Quote the entries below from the line with "Двое рабочих,работая вместе,могут" through the line with "J12 H7189 38mm", both ends included, and only those lines.

**Records shown**
+++

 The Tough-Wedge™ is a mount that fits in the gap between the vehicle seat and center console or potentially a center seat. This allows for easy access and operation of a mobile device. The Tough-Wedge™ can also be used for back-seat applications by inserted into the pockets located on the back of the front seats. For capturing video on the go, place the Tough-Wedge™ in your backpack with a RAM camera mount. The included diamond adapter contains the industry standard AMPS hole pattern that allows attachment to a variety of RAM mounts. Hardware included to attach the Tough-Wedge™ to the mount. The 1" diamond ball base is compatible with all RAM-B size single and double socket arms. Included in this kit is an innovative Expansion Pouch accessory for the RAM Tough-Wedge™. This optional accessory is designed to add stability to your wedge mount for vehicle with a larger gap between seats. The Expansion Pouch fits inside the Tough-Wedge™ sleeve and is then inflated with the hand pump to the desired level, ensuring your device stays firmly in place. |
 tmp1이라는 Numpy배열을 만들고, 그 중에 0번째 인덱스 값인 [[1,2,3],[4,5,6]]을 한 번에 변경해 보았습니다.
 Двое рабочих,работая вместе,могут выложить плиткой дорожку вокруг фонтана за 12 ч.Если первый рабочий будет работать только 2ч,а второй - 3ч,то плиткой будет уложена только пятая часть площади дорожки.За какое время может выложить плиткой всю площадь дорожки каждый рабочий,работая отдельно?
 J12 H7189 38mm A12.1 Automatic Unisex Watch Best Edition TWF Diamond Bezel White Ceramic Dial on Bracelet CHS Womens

+++

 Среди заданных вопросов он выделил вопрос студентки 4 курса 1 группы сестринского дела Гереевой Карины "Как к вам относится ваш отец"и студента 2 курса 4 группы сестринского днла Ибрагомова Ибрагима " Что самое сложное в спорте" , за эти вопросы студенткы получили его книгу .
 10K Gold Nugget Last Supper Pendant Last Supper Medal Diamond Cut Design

+++

**Response area**
 Двое рабочих,работая вместе,могут выложить плиткой дорожку вокруг фонтана за 12 ч.Если первый рабочий будет работать только 2ч,а второй - 3ч,то плиткой будет уложена только пятая часть площади дорожки.За какое время может выложить плиткой всю площадь дорожки каждый рабочий,работая отдельно?
 J12 H7189 38mm A12.1 Automatic Unisex Watch Best Edition TWF Diamond Bezel White Ceramic Dial on Bracelet CHS Womens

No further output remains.